We have continued investing to improve the shopping environment in our older stores. We completed six refits in the last financial year and intend to continue our refit programme at the rate of 5-10 stores per year. To date the cost has been approximately £0.5m per store, with payback anticipated in approximately 3 - 5 years. We have received a good response to these refitted stores both from customers and from our store teams.
Priority 3 - growing Dunelm Direct
Dunelm Direct is the name we give to our multi-channel strategy. Sales from our website (www.dunelm-mill.com) have grown well over the last financial year. We expect this to continue in the coming year as we are about to relaunch the site on a new technology platform which will improve the shopping experience and give us a much stronger technological base to build upon.
Also on this new technology platform will be a new website for Dorma (www.dorma.co.uk) which will act as a showcase for the Dorma brand, stocking all Dorma products, whether Dunelm exclusive designs or products distributed under licence by our third party partner.
Whilst it is still early days for our Dunelm Direct growth strategy we think the investment we have made over the last financial year will give us a strong and scalable platform on which to build.
Priority 4 - exploiting our infrastructure
We continue to extract further benefits from our past investment in IT systems, enabling us to improve stock control and make in-store processes more efficient. We are also seeing improvements to our customer offer directly supported by IT, for example the forthcoming launch of a gift card.
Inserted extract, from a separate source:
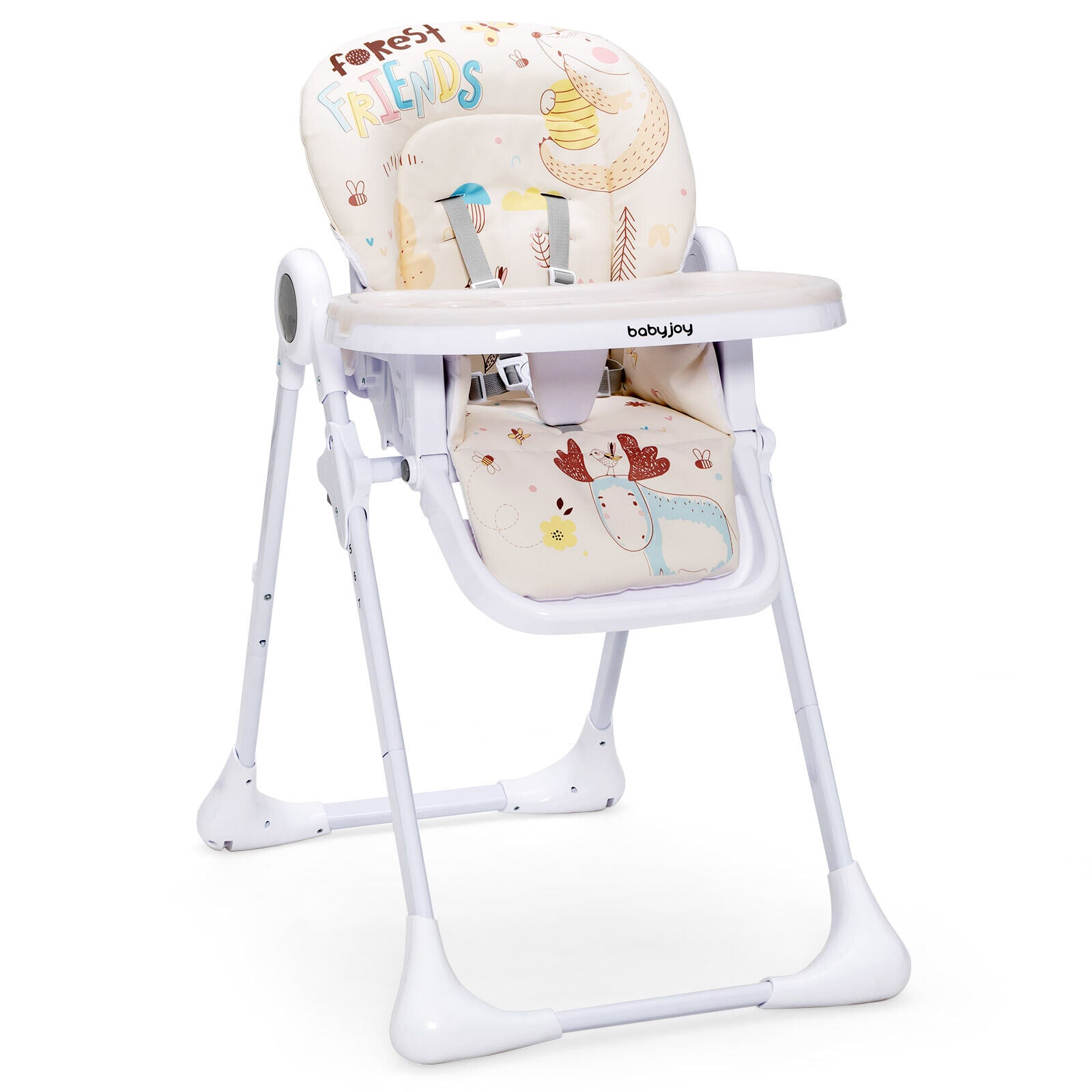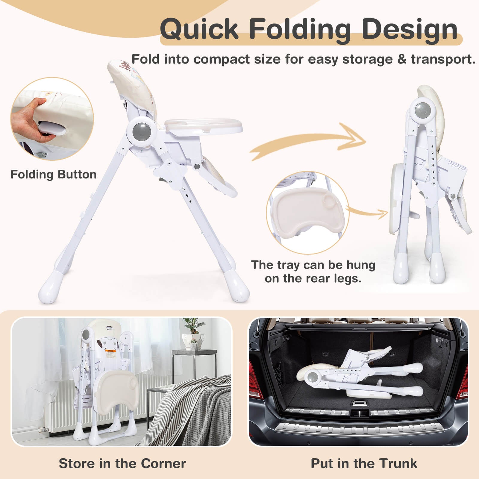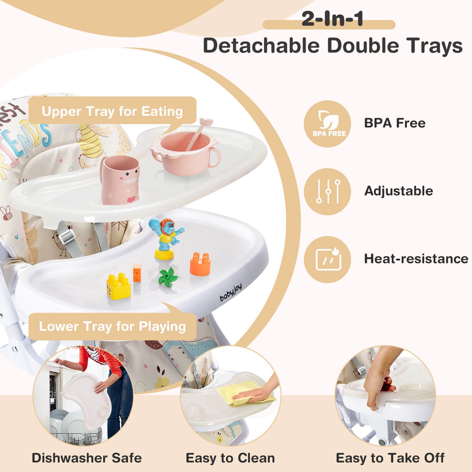 The double tray is removable and attachable to the rear legs. Also this reclining baby high chair is quickly folded for storage and transport. With waterproof PU cushion and dishwasher safe double tray the maintenance is no longer painful. The frame is made of premium steel pipes and constructed in the triangular shape to provide better stability. Also the 5-piont safety harness and anti-falling barrier increase security when parents are not around. The assembly is easy with detailed instructions.

We are taking steps to underpin our medium term expansion plans by securing additional leasehold space at our central warehouse in Stoke, where we have an option over 100,000 sq ft of warehousing to supplement the 250,000sq ft we currently occupy. We anticipate moving operations into this additional space during 2010. Our capital expenditure to fit out new warehousing space is not expected to exceed £2m.
As our business grows, we will also need to expand our head office facility. We are investigating the possible purchase of freehold land in the neighbourhood of our existing base in Syston, Leicester. This is a long-term project and any new building is unlikely to be ready for occupation until 2011.
Outlook
For the first 10 weeks of our financial year, to 12 September, total sales growth has been 26.5% and like-for-like sales have grown by 16.1%. Gross margin has remained strong, with an increase of 180bps year on year.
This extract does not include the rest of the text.